Заметив его взгляд, Софья заговорщицки подмигнула ему — или это только показалось? — опустила глаза и выплыла из залы. Неодолимый соблазн охватил Василия. Залпом осушил кубок и последовал за ней какой-то нервозной подпрыгивающей походкой, словно щенок, бегущий за матерью-сукой. Думал, что никто не обратил на него внимания, но ошибся: некоторые сидящие за столом проследили за ним взглядом и понимающе опустили глаза.
На узкой винтовой лестнице удобной для защиты башни от противника, а не о для любовных свиданий, Василий догнал княжну и бесцеремонно схватил за руку:
— Постой…
— Ну что тебе еще, изверг?
Не ответил, развернул ее к себе за плечи и неумело, по-мальчишески впился в сочные девичьи губы, будто печать поставил «моё!» Ее рот показался ему слаще клеверного меда, от чего голова пошла кругом и он привалился к стене.
— Ошалел, что ли?! — вытирая широким рукавом платья рот, сказала без злобы, будто ожидала нечто подобного.
— Иди за меня замуж!
— Еще чего?! Полоумный! — ответила, но глаза у нее вспыхнули и засияли странным блеском. Тем не менее, ответила совсем не так, как он втайне ожидал. — Твоя наглость граничит с дерзостью безумца. Да и с какой стати ты мне предлагаешь такое?!
— Все равно добьюсь твоей руки во что бы то ни стало.
— Ну-ну… Посмотрим, хватит ли у тебя настойчивости и смелости для этого или ты лишь со мной так боек, а с батюшкой, думаю, поостережешься чепуху молоть, — молвила Софья, усмехаясь.
— Вот увидишь…
— Ну-ну, — повернулась, ненароком коснувшись ухажера широким рукавом платья, вернулась в залу.
Постоял некоторое время на лестнице, привалившись к стене и постепенно приходя в себя. Василий пока еще не уразумел, что понять женщину иногда еще сложнее, чем самого себя, но непостижимость дочери Витовта уже настораживала. В ушах все громче звенел, заливаясь и заглушая доводы разума, бубенчик: «Со-фья, Со-фья». Динь-динь-динь…
Когда княжич вернулся в залу, там всех потешали скоморохи. Играли на канклесе[7], а потом медведица танцевала под аккомпанемент гудков. Считалось, что благочестивым людям не пристало забавляться бесовским лицедейством, но праздничная тарабарщина, заквашенная на пиве, кружила головы. Один Витовт, по своему обыкновению, пил родниковую воду, подкрашенную медом под цвет пива, с совершенно бесстрастным лицом душевнобольного, не выражавшим ни чувств, ни страстей, томивших душу.

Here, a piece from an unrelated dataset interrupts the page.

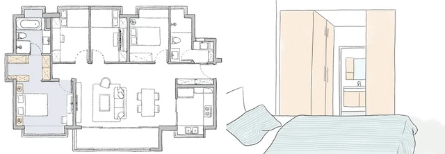 值得注意的是:凹墙嵌柜,对于空间墙体或者门的位置进行改动,适合毛坯房的空间改造。对于精装房,隐藏家具厚度可利用面的折转,将柜体深度可见面做成开放柜,这样可以在视觉上消减柜子的厚度。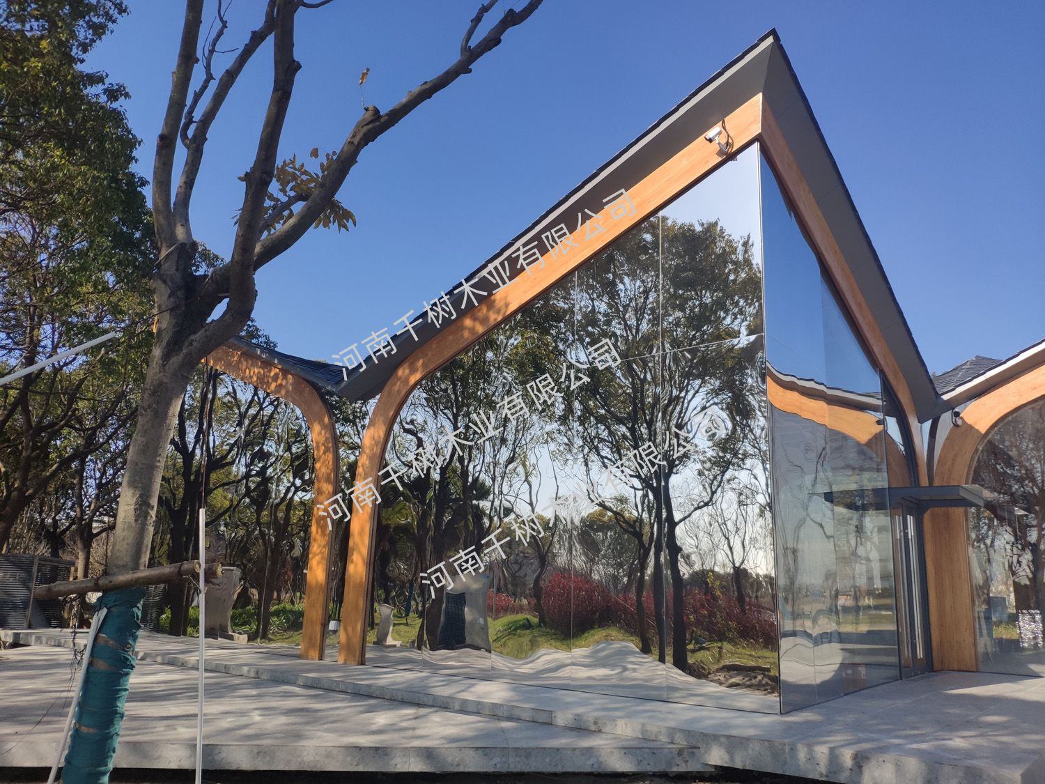 項目參數(shù):花旗松雙曲面膠合木框架,建筑面積260平米

Вечером, распахнув дверь в княжеские покои, Софья вбежала туда со смехом, чмокнула отца в щеку и сообщила о предложении Василия. Тот уловил кисловатый запах изо рта дочери и поморщился, понимая, что она навеселе.
Что-что, а это ячменное пойло литовцы любили до безумия и пили его до тех пор, пока не валились с ног. Утро некоторые начинали с крика: «Пива, пива!» Знатные люди, имевшие прислугу, не исключая женщин, которые в своем пристрастии к ячменному напитку не уступали сильному полу, требовали принести питье в постель.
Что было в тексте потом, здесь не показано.